• [Your assignment]
When you reach the line containing "Glas im Bauwesen" in the entries below, start writing out each line exactly, and stop after the line containing "Notre serre de".

• [Given information]
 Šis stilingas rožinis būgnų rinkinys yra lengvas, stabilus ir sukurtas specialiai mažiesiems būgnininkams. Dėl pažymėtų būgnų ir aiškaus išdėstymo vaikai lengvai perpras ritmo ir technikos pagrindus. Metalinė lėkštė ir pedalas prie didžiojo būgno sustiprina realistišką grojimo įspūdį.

---

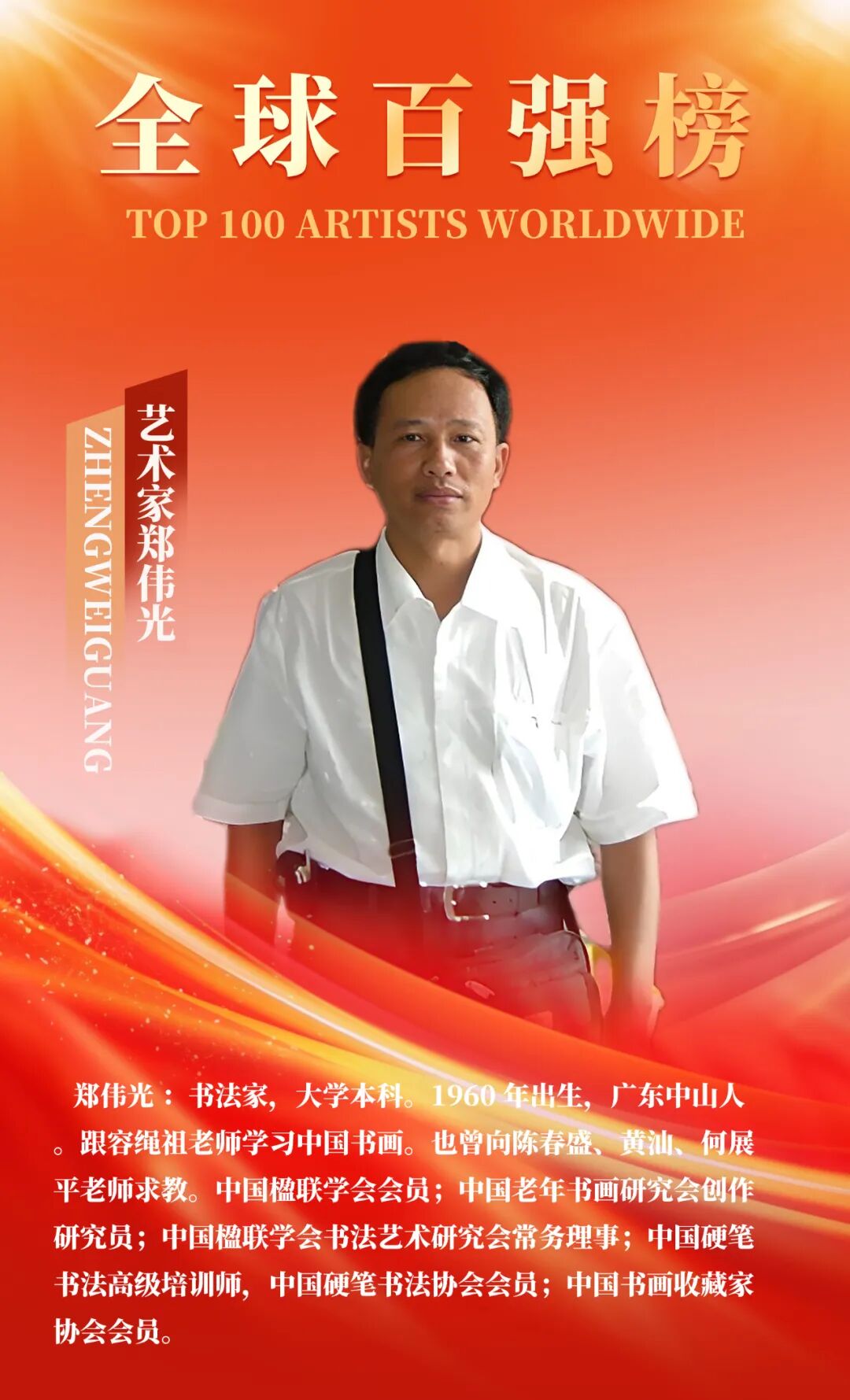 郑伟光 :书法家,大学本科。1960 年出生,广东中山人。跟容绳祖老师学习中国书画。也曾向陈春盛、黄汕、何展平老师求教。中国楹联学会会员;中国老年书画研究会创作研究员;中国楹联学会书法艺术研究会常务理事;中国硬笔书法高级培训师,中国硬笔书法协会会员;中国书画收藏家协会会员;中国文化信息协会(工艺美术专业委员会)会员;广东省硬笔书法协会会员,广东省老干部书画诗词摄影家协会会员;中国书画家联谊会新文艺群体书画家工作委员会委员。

---

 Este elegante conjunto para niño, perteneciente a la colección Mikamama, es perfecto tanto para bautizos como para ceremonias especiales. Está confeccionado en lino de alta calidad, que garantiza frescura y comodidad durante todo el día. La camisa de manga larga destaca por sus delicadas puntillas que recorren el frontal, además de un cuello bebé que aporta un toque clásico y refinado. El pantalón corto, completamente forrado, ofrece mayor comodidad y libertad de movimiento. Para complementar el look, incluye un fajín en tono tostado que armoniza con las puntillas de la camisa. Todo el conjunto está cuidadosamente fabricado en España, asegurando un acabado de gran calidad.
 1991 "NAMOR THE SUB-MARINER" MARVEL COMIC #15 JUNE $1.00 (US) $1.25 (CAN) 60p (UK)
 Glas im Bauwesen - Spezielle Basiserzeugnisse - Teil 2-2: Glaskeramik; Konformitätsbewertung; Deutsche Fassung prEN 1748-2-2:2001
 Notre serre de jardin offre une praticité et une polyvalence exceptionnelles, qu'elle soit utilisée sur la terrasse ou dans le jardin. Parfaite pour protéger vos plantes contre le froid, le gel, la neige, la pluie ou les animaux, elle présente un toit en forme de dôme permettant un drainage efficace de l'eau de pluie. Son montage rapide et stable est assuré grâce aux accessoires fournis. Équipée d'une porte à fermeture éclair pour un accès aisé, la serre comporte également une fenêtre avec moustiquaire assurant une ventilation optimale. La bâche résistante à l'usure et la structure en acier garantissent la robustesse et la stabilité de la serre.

• [Exercise output]
 Glas im Bauwesen - Spezielle Basiserzeugnisse - Teil 2-2: Glaskeramik; Konformitätsbewertung; Deutsche Fassung prEN 1748-2-2:2001
 Notre serre de jardin offre une praticité et une polyvalence exceptionnelles, qu'elle soit utilisée sur la terrasse ou dans le jardin. Parfaite pour protéger vos plantes contre le froid, le gel, la neige, la pluie ou les animaux, elle présente un toit en forme de dôme permettant un drainage efficace de l'eau de pluie. Son montage rapide et stable est assuré grâce aux accessoires fournis. Équipée d'une porte à fermeture éclair pour un accès aisé, la serre comporte également une fenêtre avec moustiquaire assurant une ventilation optimale. La bâche résistante à l'usure et la structure en acier garantissent la robustesse et la stabilité de la serre.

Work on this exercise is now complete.